Glad to know that some are doing better. I’m open to any suggestions how to make this better.
Sharware ♥️

maggie15

Hi sharware, I'm sorry the GGOs haven't resolved and your PFT numbers are not good. I was on oral steroids and O2 for several months with about 40% lung function. The consolidation eventually cleared and about 67% of my lungs now work which puts me up in the 80% range for PFTs; I no longer need oxygen. I take high dose oral inhaled steroids (fluticasone propionate 440mg twice a day) to stop the cough and hopefully prevent the pulmonary fibrosis from progressing. It is safer since it targets just the lungs but may/may not be a good substitute for oral meds in your case where the alveoli are filled with fluid rather than scarred.

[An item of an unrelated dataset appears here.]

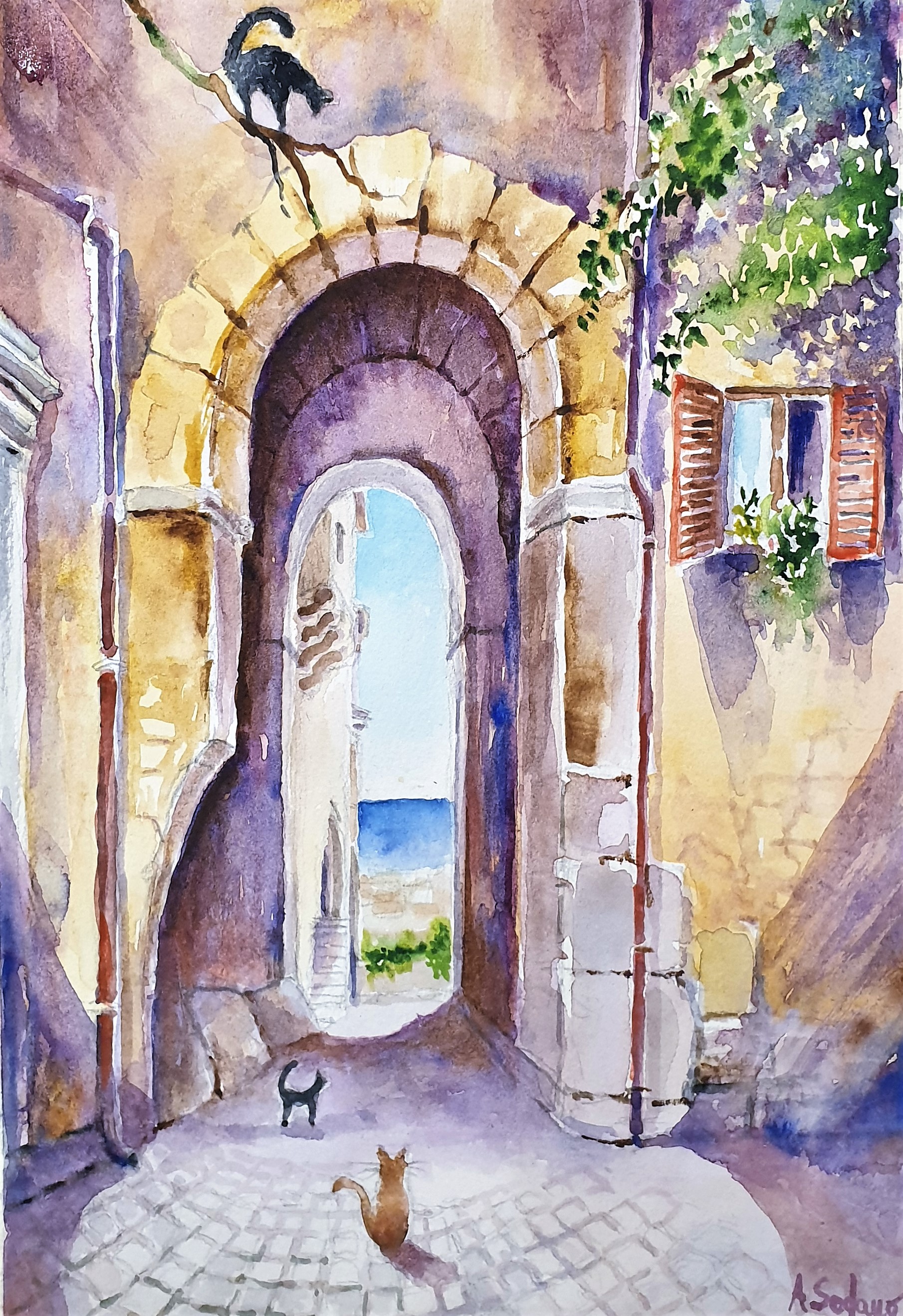 three of cats in the old town -watercolor- 4 steps

One of the still "taboo" topics in breast cancer discussions is the possibility that treatment toxicity can wipe you out faster than the disease, probably because it is not common and is something nobody wants to think about. When I asked my pulmonologist if my lungs would stop deteriorating I got a version of the "no crystal ball" speech. The best phone call of my life came from him about 4 months later telling me he now thought I would see my next birthday. I had never imagined that treatment for stage 2 bc could kill you. From my research on this topic once you hit grade 3/4 ILD AEs there is about a 50% chance you will stabilize. I am living proof that this can happen and am rooting for you.

As far as progression goes there are very few bc drugs that never cause ILD. Everolimus is a 5* drug on pneumotox.com (the worst) while capecitabine is a 1*. My pulmonologist said that once your lungs are compromised any stars are a problem. The only safe drugs as far as I can tell are SERDs. Have you been tested for mutations for which some of the newer SERDs are a possibility? SBRT is another option if the radiation can be kept far away from your lungs. I'm not an expert on appropriate mbc treatments; Cure-ious on the Clinical Trial thread and others know a great deal about this and might be able to give you advice. Clinical trials won't take you with current or former high grade ILD, however.

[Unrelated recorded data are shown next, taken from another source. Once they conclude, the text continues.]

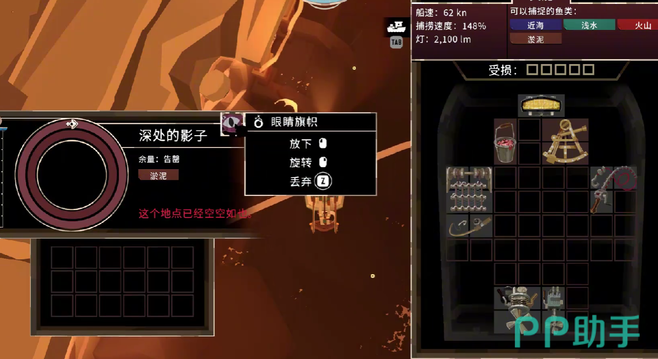 玩家通过望远镜在水面当中,看到一个旗帜形象在漂浮时,就代表水底有眼睛旗帜,玩家直接打捞就可以获得了。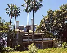 The property was next purchased by Thomas Allwright Dibbs, the manager of the Commercial Banking Company of Sydney. He had been buying up many parcels of land on the North Shore. By 1882 Graythwaite was the family home of Thomas Dibbs and in 1888 the mortgage of 1882 was discharged. Dibbs, c. 1875, demolished Walker's house and added to the Sayers sandstone building to complete Euroka / Graythwaite as it remains today. Dibbs was a huge landowner on the lower north shore and bought the adjoining Holtermann property when Holtermann died and later sold it to the church for Shore School. Apparently Holtermann closely guarded access to his tower and so many of the early photographic panoramas of Sydney were taken from Graythwaite instead. Most of the current garden dates from Dibbs c. 1875 (the fig trees can be seen as little trees protected by wooden frames from wandering stock in the 1875 photos). The garden includes a pepper berry/ white walnut (Cryptocarya obovata), a very rare rainforest species, native to northern NSW rainforests and once native to the Illawarra (apparently extinct in that district since the mid 1800s). Only one other specimen of it is known in Sydney, in Prince Alfred Park. Both may owe their presence to associations with colonial botanists James Backhouse and Allan Cunningham (who recorded the species in the Illawarra in c. 1811), and then-director of the Botanic Gardens, Sydney, Charles Moore, who did much to promote the planting of NSW and Queensland rainforest tree species on public sites.[2][1]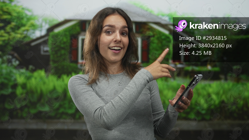 Young hispanic woman smiling and pointing finger at house entrance building while holding smartphone in right hand; surprise curiosity.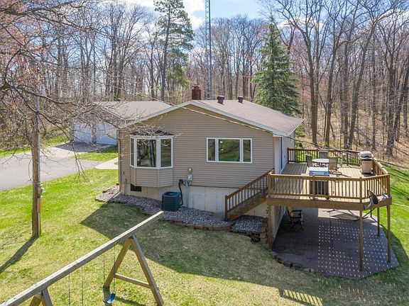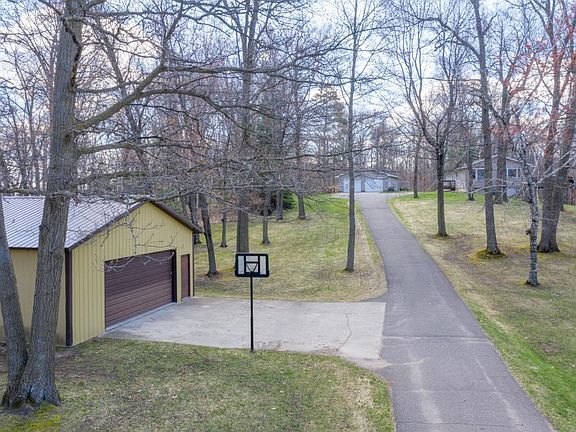 Spectacular private 6.3 Acre setting with mature trees and rolling hill overlooking pond featuring 3 bedroom 2 bath rambler with spacious deck, finished basement with huge master bedroom with 2 walk in closets, jetted bath tub in lower bathroom (no shower) and family room that walks out to patio area! Detached 2 car garage plus 30 x 50 extra garage for tons of storage of the toys being in the Lincoln Lakes Area within 5 minutes to four lakes, golfing, restaurants & gas station for convenience as well as being right off Hwy 10 for an easy commute!

Have a good holiday weekend; I hope and pray you turn the corner.

sondraf

Oh Shar, I have no answers other than Im so sorry to read that you are still dealing with the side/after effects of that awful drug. And here it had been working for you too the first month or two! I suppose all you can do is wake up every day, put one foot in front of the other, and keep going. I wonder what they do for long run COVID patients who still have ground glass opacities, surely they must receive some sort of treatment? That may be worth looking in to.

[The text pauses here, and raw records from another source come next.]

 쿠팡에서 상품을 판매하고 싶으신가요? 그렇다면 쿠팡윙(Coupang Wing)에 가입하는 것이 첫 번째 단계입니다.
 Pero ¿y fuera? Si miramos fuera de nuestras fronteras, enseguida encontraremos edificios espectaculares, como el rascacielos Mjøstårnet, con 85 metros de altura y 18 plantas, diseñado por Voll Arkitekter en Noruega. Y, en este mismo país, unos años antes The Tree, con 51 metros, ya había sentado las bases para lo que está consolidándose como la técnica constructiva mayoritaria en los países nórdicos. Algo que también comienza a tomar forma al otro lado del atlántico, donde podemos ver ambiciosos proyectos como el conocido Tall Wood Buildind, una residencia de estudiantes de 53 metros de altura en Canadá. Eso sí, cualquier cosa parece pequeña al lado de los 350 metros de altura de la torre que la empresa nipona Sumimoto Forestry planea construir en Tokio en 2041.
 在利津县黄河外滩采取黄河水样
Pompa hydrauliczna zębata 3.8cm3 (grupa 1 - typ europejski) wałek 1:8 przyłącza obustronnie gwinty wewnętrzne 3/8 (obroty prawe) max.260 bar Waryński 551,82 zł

Maggie you are absolutely right, and I have seen more than my share of ladies on here and other forums pass suddenly from side effects of these powerful drugs. Right now I have considerable foot and leg edema caused by a rapid increase in pregabalin, which was prescribed for the nerve pain they think I should have, but don't. I was not expecting to be in the 15% which get that side effect, but its impacting other issues and impacting quality of life. Everything has a side effect, some a lot worse than others, and I think often we are pressured into signing off on drugs to take because the alternative is IV chemo or whatever. You never think its going to be you, right?

FYI, but Tina2 who was in our treatment cohort also failed the drug combo, so frankly I want to meet the few women for whom this drug actually works longer than 2 months or so.